Getting the bytes per step rates:

sol = NDSolve`ProcessSolutions[state];
grid = y["Grid"] /. sol // Flatten;
steps = LengthWhile[grid, x \[Function] x <= #] & /@ times
(* steps at the end of each NDSolve`Iterate:
  {15, 26, 40, 55, 69, 95, 137, 216, 448, 829, 1587, 3856, 7627, 15157, 
   37771, 75450, 150832, 377150, 754497, 1509044, 3743165}
*)

Differences@data[[All, 2]] / Differences@steps // N
(* Bytes per step, for each iteration interval
  {61.0909, 6.28571, 44.8, 94.2857, 26.4615, 45.7143, 39.6962, 34.8276, 
   38.9921, 39.905, 38.8365, 39.1811, 39.0704, 39.0806, 39.0522, 
   39.0707, 39.081, 39.0805, 39.077, 39.0725}
*)

(Note that due to auxiliary code using and releasing memory, exact results rarely occur.)

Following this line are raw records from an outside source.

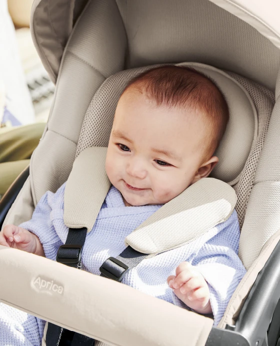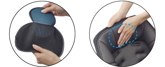 衝撃吸収パッドを、本体シートの裏にあるポケットに入れ替えると、首すわり後もずっと使える。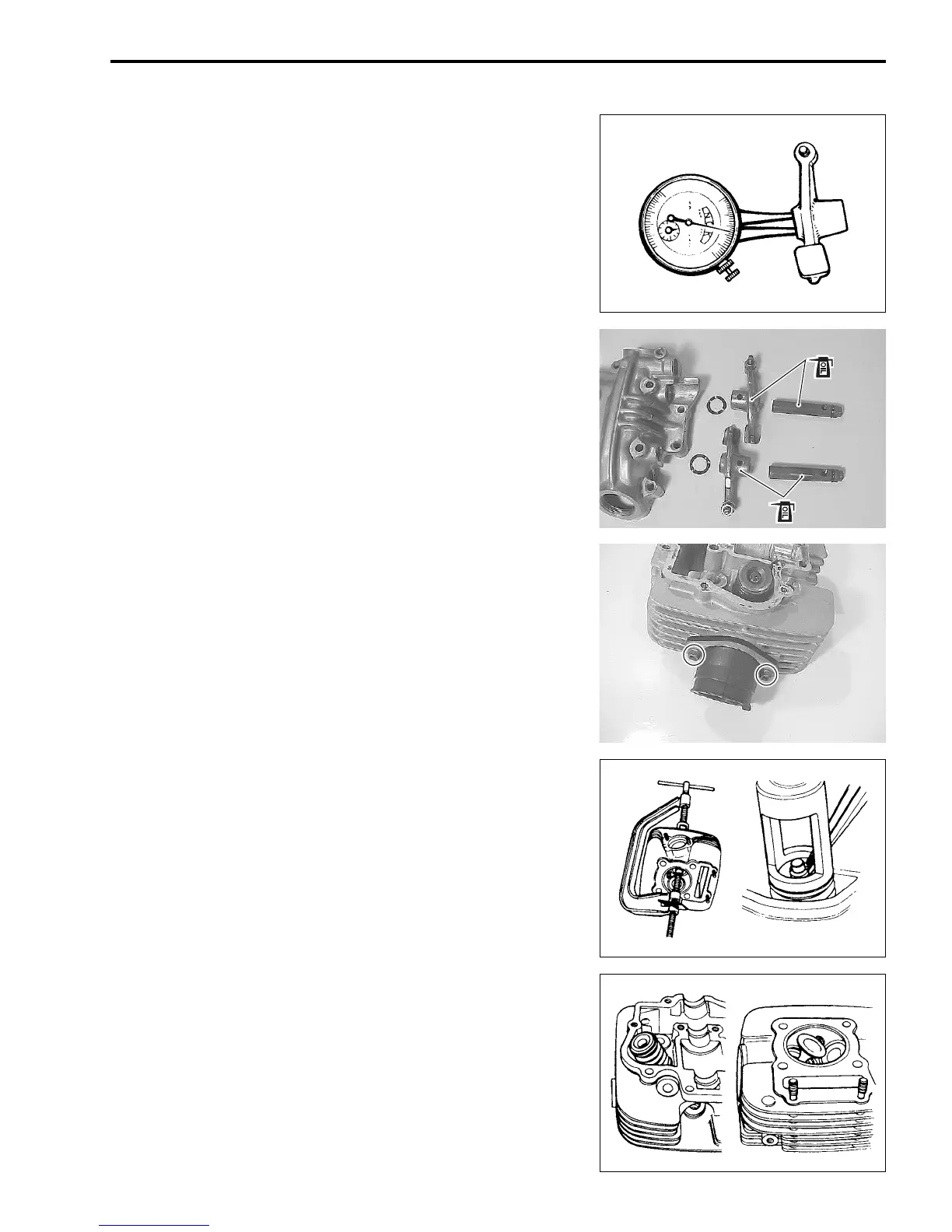 • Compress the valve spring and remove the valve cotters from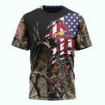 Introducing the St Louis Cardinals Camo Hunting All Over Print T-shirt, a perfect blend of style and spirit for avid fans and outdoor enthusiasts alike. This unique graphic tee is ideal for game days, casual outings, or simply making a bold fashion statement while enjoying your favorite activities. With its eye-catching camouflage design, this shirt stands out in any crowd while showcasing your loyalty to the Cardinals.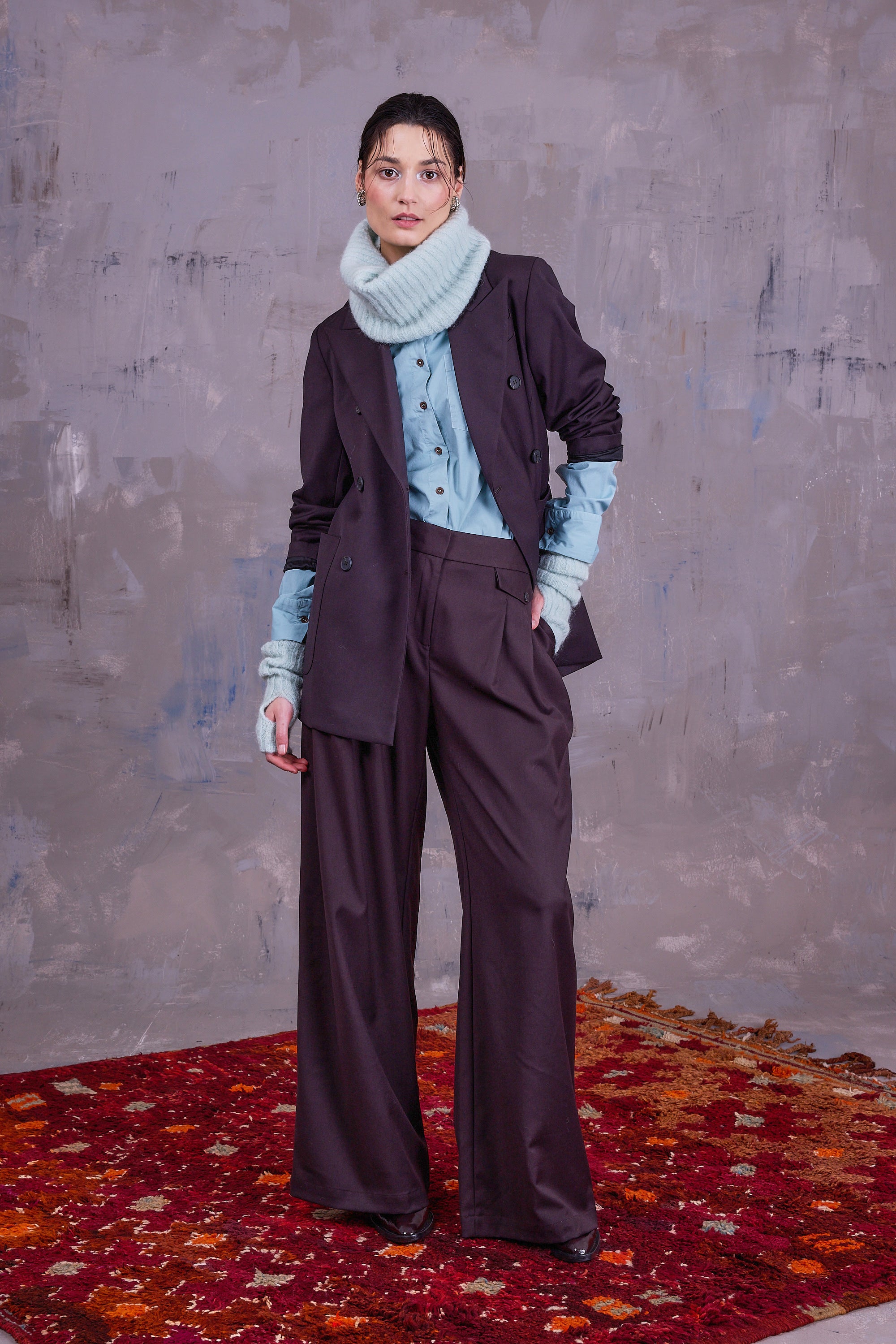 Gerippter Schlauchschal, gestrickt in Belgien aus einer wunderbar warmen Mischung aus Mohair und Merinowolle. Vervollständigen Sie das Set mit den Gibson Armwärmern.

One can reduce the per step memory usage by reducing the order of the system:

{state} = NDSolve`ProcessEquations[
   {y'[x] == z[x], z'[x] == -y[x], y[0] == 1, z[0] == 0},
   y,  (* keep only data on  y, discard  z  data *)
   {x, 0, 1000000}, MaxSteps -> Infinity, MaxStepSize -> 1];

This has roughly a 32 byte per step marginal rate of memory usage (8 * (1 + 3) == 32).